After states were unable to establish adequate testing systems, the federal government failed to step in to fix the problem. The Defense Production Act of 1950, which should have been deployed to ensure American testing systems were built so American health and rights could remain intact, has lain dormant.

As a result, across most of the United States, test results take 7 days, 10 days, or as long as two weeks. That has led to a realm of disastrous health risks, to be sure, but it also kills the right to travel. An editor at The Points Guy, Zach Honig, took a test in July to satisfy the requirements for a trip he planned to take. But the result came back more than two weeks later, rendering it useless for travel.

Blame whichever segment of the government that your personal politics demand, but the failure is real.

The government must process Trusted Traveler applications.

In late June, Customs and Border Protection announced it had devised a solid plan to safely reopen its Trusted Traveler centers. Then, despite that announcement, the agency postponed the reopening two additional times, resulting in two more months of delays. Trusted Traveler processing centers still have not reopened. Since March, applicants have been unable to join or renew Nexus, Global Entry, or TSA PreCheck, which are paid programs allowing for the expedited exercise of citizens' right to travel.

The government has blocked agents from processing applications and has neglected to attend to them.

Worse, the government has politicized Trusted Traveler programs. Last winter, as Covid-19 spread, the CBP excluded residents of New York from applying for or renewing Global Entry memberships. After months of denying access to New Yorkers, the false pretext for that ban was exposed in court.
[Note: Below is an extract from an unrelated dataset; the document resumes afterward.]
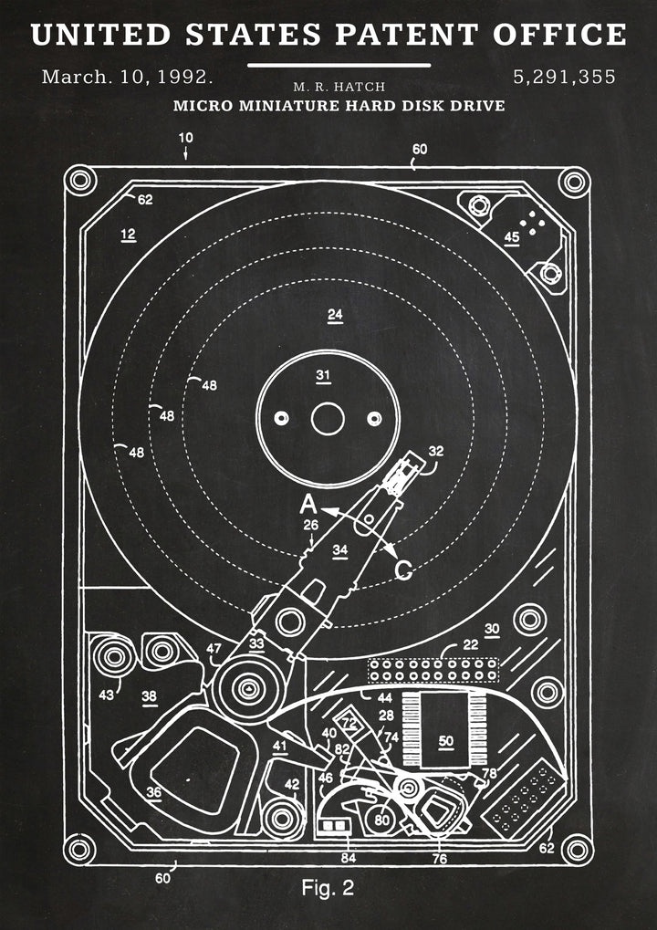 This vintage-style poster features a detailed schematic illustration of a micro miniature hard disk drive, originally patented on March 10, 1992. Rendered in line art, it highlights the intricate inner workings of the device, providing a technical and historical glimpse into computer technology. Ideal for tech enthusiasts, this patent print combines artistic appeal with scientific precision.
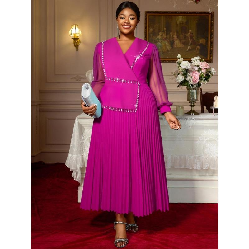 Платье больших размеров с длинным рукавом, однотонное, с бусинами, средней посадки, африканское женское вечернее платье для вечеринок, плиссированные платья для свадеб 3XL ярко-розовый

Those who live in the state are now theoretically permitted to apply again—yet there are still reports that the CBP system won't accept applications from people based in New York.

The government must immediately do these three things to restore Americans with their inborn right to free movement.

If the government doesn't facilitate rights, it's as good as not having any.

For our health, for our lives, and for our freedom, we implore the U.S. government: Free us from the tyranny of your neglect.